For the model with smallest learn rate (0.0005), the accuracy rate on the test set goes up steadily, it starts at 0.34, which is the proportion of non cat in the test set:
mean(test_set_y == 0)
## [1] 0.34
This is expected because we initialized weights to be all zeros, which means the activations for the first pass are \(\mathbf{a}_i = \sigma(x_i^Tw_i) = \sigma(X_i^T0) = \frac{1}{1 + e^{-0}} = 0.5\). Since 0.5 is not greater than 0.5, the predictions are basically all 0s.
It turns out that learn rate equal to 0.005 gives best performance out of the three learn rates: The test performance stabilizes to 0.68, reaching more than 70% if stopping early. Note that the null model (predicting cats no matter what) actually gives 66% accuracy on this test set. So it’s not a big improvement and we need more test examples to make firmer conclusions.
we can also check the how false positive rate (non-cat being incorrectly classified as cat) and false negative rate evolves (cat being incorrectly classified as non-cat), for both train and test sets:
fp_and_fn <- function(model) {
main <- deparse(substitute(model))
fp_train <- rowMeans(model$pred_train[, train_set_y == 0])
fn_train <- 1 - rowMeans(model$pred_train[, train_set_y == 1])
fp_test <- rowMeans(model$pred_test[, test_set_y == 0])
fn_test <- 1 - rowMeans(model$pred_test[, test_set_y == 1])

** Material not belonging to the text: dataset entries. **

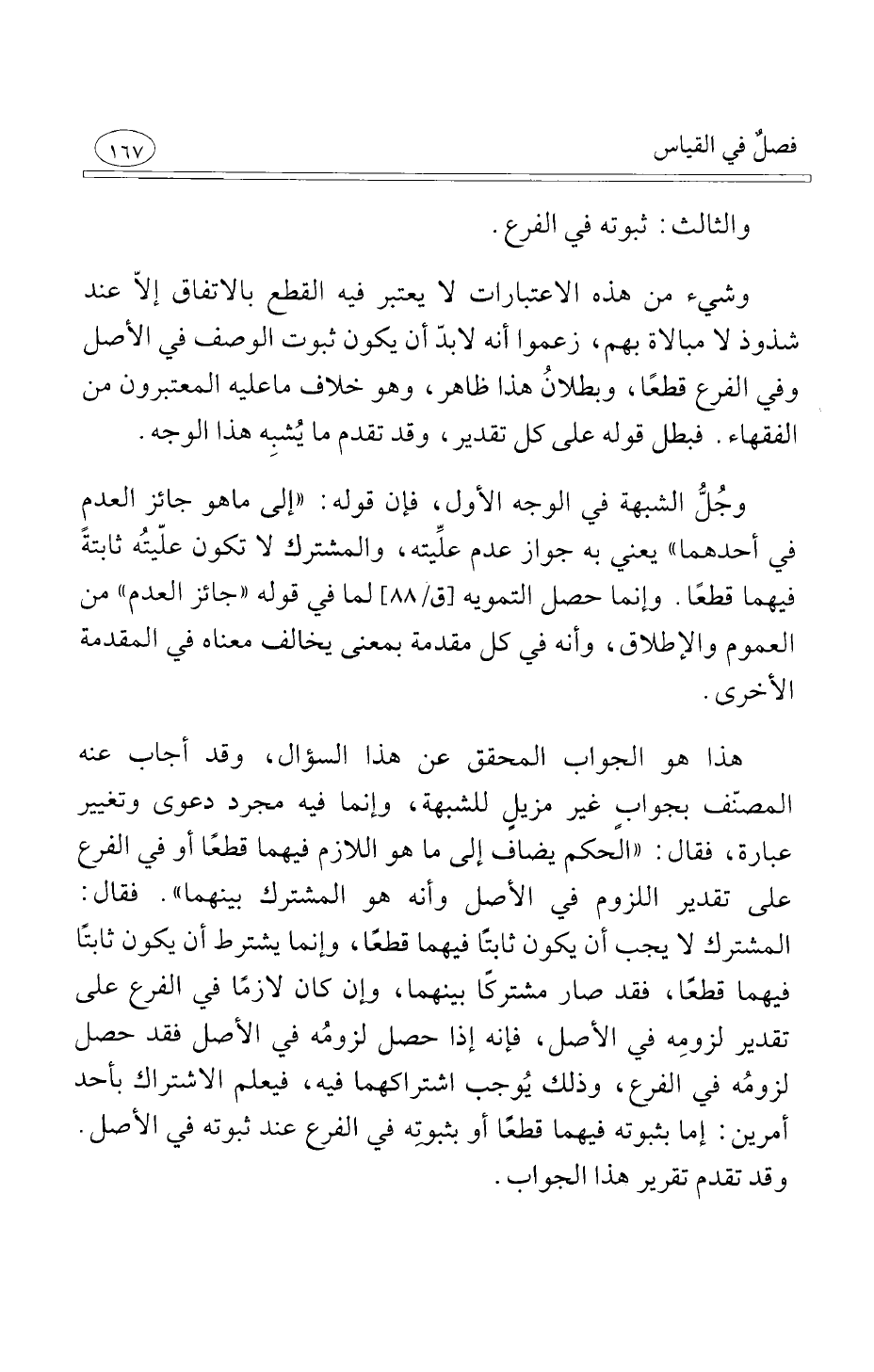 هذا هو الجواب المحقق عن هذا السؤال وقد أجاب عنه المصنّف بجوابٍ غير مزيلٍ للشبهة وإنما فيه مجرد دعوى وتغيير عبارة فقال الحكم يضاف على ما هو اللازم فيهما قطعًا أو في الفرع على تقدير اللزوم في الأصل وأنه هو المشترك بينهما فقال المشترك لا يجب أن يكون ثابتًا فيهما قطعًا وإنما يشترط أن يكون ثابتًا فيهما قطعًا فقد صار مشتركًا بينهما وإن كان لازمًا في الفرع على تقدير لزومِه في الأصل فإنه إذا حصل لزومُه في الأصل فقد حصل لزومُه في الفرع وذلك يُوجب اشتراكهما فيه فيعلم الاشتراك بأحد أمرين إما بثبوته فيهما قطعًا أو بثبوتِه في الفرع عند ثبوته في الأصل وقد تقدم تقرير هذا الجواب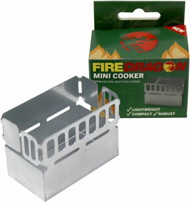 ultralehký, kompaktní a odolný mini vařič na pevná paliva pro použití ve venkovním prostředí účinný a opakovatelně použitelný boční strany slouží závětří na ochranu před větrem, které zvyšuje účinnost a snižuje teplotní ztráty během vaření při použití objemnějších nádob je možné boční strany rozložit a vytvořit větší varnou plochu vařič je navržen tak, aby dosáhl nejlepších výsledků v kombinaci s palivy Fire Dragon ,ale lze využít i jiná vhodná pevná paliva palivo není součástí balení vyrobeno z ocelového plechu navrženo pro kempování, turistiku, na festivaly a další aktivityVíce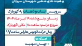 سرویس ایاب و ذهاب به گهرپارک زمان حرکت اتوبوس‌ها رأس ساعت ۱۷ ایستگاه‌ها •چهارراه مهدیه •پارک‌سوار دهیادگار •مساکن مهر روبروی کلانتری ۱۴ •بلوار سردار جنگل مقابل اداره‌ارشادسابق زمان بازگشت اتوبوس‌ها پس از پایان مراسم عزاداری   *روابط عمومی شرکت معدنی و صنعتی گل گهر* سایت: Www.geg.ir اینستاگرام: https://www.instagram.com/golgohar_co?igsh=aG80bzNwbGJzdXg0 تلگرام: https://t.me/Golgohar_co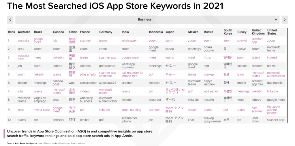 Zoom, Teams and LinkedIn are in the top most searched keywords on the App Store. That’s heartening for Zoom and Microsoft investors because this signals their brand awareness among users. The fact that LinkedIn is among this group signals to me that folks want to update their profile and look for job opportunities. Why else would you look for the LinkedIn app?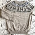 モヘアの美しいグラデーションの波がとても素適な丸ヨークセーターが届きました。上質な毛糸で丁寧に編みこまれていてとても軽いです。猛暑の夏を元気に乗り越えて、ステキなセーターに袖を通せる日を楽しみにしております^^どうもありがとうございました。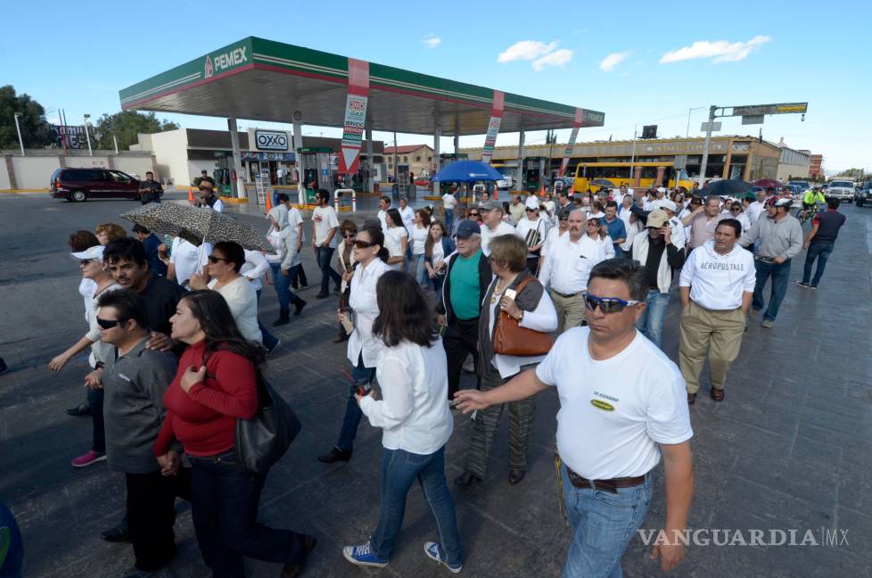 Cerca de mil cuahuilenses realizaron este mediodía en Saltillo una marcha para protestar en contra del Gobierno Federal por el aumento al precio de las gasolinas y diese

plot(fp_train, type = "l", col = "red", ylim = 0:1, ylab = "Error rate",
main = paste0(main, " train"))
lines(fn_train, col = "green")
plot(fp_test, type = "l", col = "red", ylim = 0:1, ylab = "",
main = paste0(main, " test"))
lines(fn_test, col = "green")
}
par(mfrow = c(4, 2), mai = c(0.25,0.5,0.25,0))

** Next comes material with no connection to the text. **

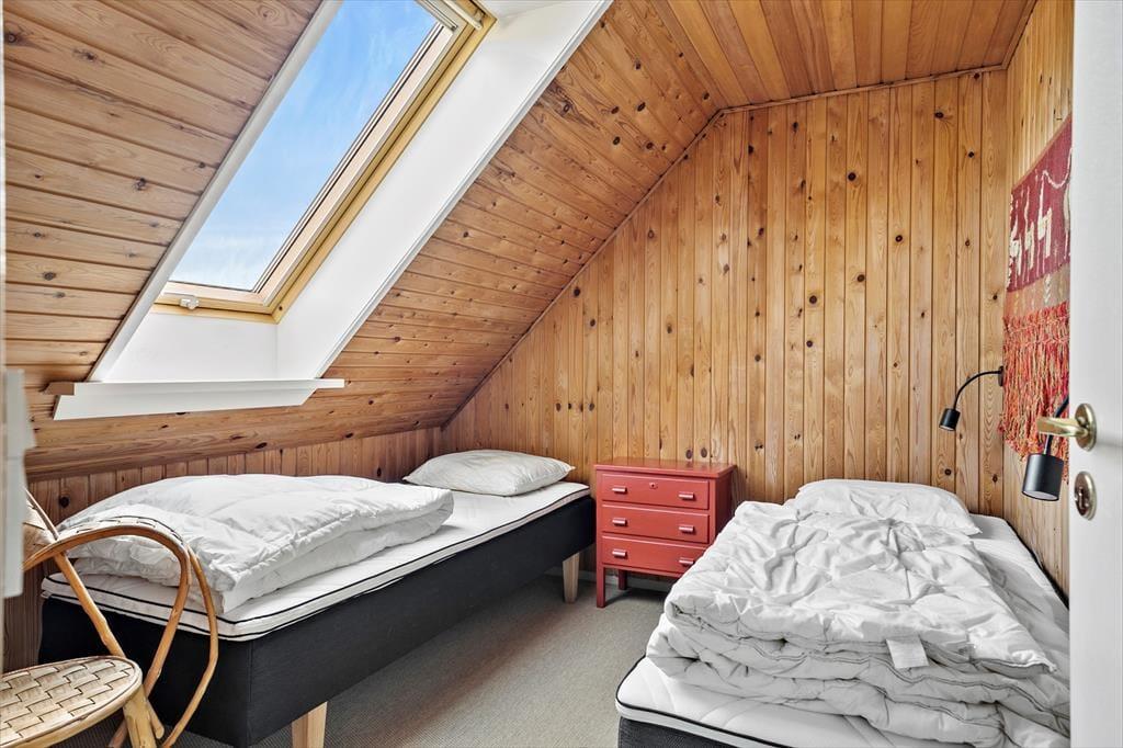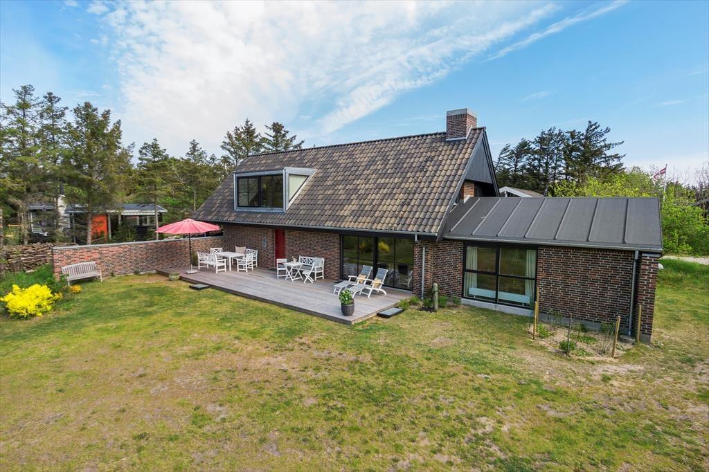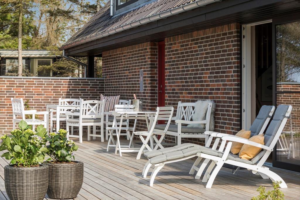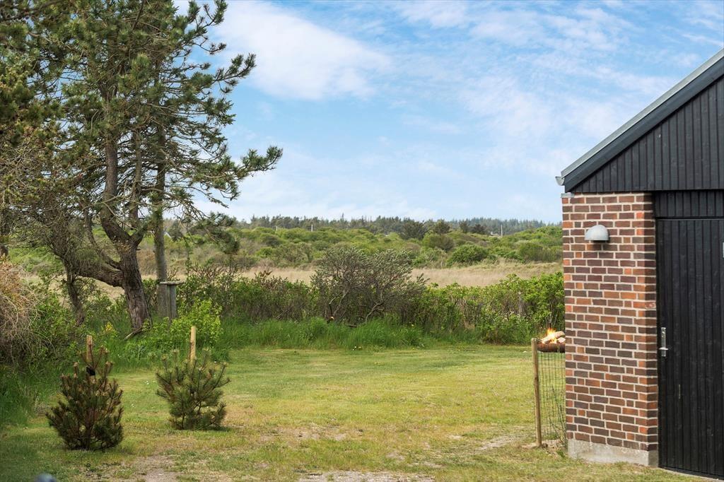 Udenfor er rammerne sat til et rigtigt sommerhusliv. Haven er stor og grøn med en plan græsplæne, som lægger op til fodboldspil, kroketturneringer eller måske bare en lur i solen på et tæppe under åben himmel. Det rolige hjørne af Tversted, hvor huset ligger, sørger for, at du virkelig kan mærke freden og stilheden – kun afbrudt af vindens susen i træerne og fuglenes morgensang. Du kan starte dagen med morgenmad i solen, og når eftermiddagen kalder på lidt afslapning, finder du dig til rette i en liggestol med en god bog. Når aftenen falder på, er det oplagt at tænde op i grillen og nyde et måltid i det fri, mens du ser solens sidste stråler danse over trætoppene og det fredede landskab i baggrunden.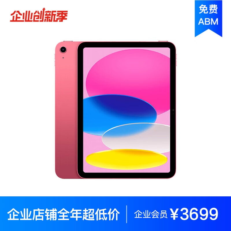 Apple iPad 10.9英寸平板电脑2022年款(256GB WLAN版/A14芯片/1200万像素/iPadOS MPQC3CH/A)粉色*企业专享价格:4799.00元!

fp_and_fn(lr_0005); fp_and_fn(lr_005); fp_and_fn(lr_05); fp_and_fn(lr_5)
legend("topright", col = c("red", "green"), legend = c("False positive", "False negative"), lty = 1, cex = 0.8)
Finally, let’s check how the predictions evolves. I am only doing this on the test set. First define a helper function that plots both predictions and activations:
model_evolution <- function(model, alpha = 1) {
p <- model$a_test %>%
as.data.frame() %>%
setNames(paste0("V", str_pad(1:50, width = 2, pad = 0), ": ", if_else(test_set_y == 1, "cat", "non-cat"))) %>%
mutate(Iteration = 1:2000) %>%
gather(key = "Example", value = "Activation", -Iteration) %>%
left_join(
model$pred_test %>%
as.data.frame() %>%
setNames(paste0("V", str_pad(1:50, width = 2, pad = 0), ": ", if_else(test_set_y == 1, "cat", "non-cat"))) %>%
mutate(Iteration = 1:2000) %>%
gather(key = "Example", value = "Prediction", -Iteration),
by = c("Example", "Iteration")
) %>%
gather(key = "outcome", value = "value", Activation, Prediction) %>%
# mutate(Example = factor(Example, levels = paste0("V", 1:50, sep = ""))) %>%
ggplot(aes(Iteration, value, group = outcome, color = outcome)) +
geom_line(alpha = alpha) +
facet_wrap(facets = ~Example, nrow = 10, ncol = 5) +
theme_void() +
theme(strip.background = element_blank(),
strip.switch.pad.grid = unit(0, "cm"),
strip.text.x = element_text(size = 8),
panel.background = element_rect(fill = "white", colour = "grey50"),
panel.border = element_rect(fill = NA, color = "black"),
axis.text = element_blank(),
axis.ticks = element_blank()
)
print(p)
}
- For learn rate equal to 0.0005
model_evolution(lr_0005)
- learn rate = 0.005
model_evolution(lr_005, 0.5)
- learn rate 0.05
model_evolution(lr_05, 0.5)
- learn rate 0.5
model_evolution(lr_5, 0.5)
Summary
It feels pretty satisfactory to write the algorithm from scratch and implement it using nothing but base R code. Although I should realize that this is simply doing what all those great packages doing, in a much more clumsy way. But, sometimes, you don’t really understand until you do it yourself.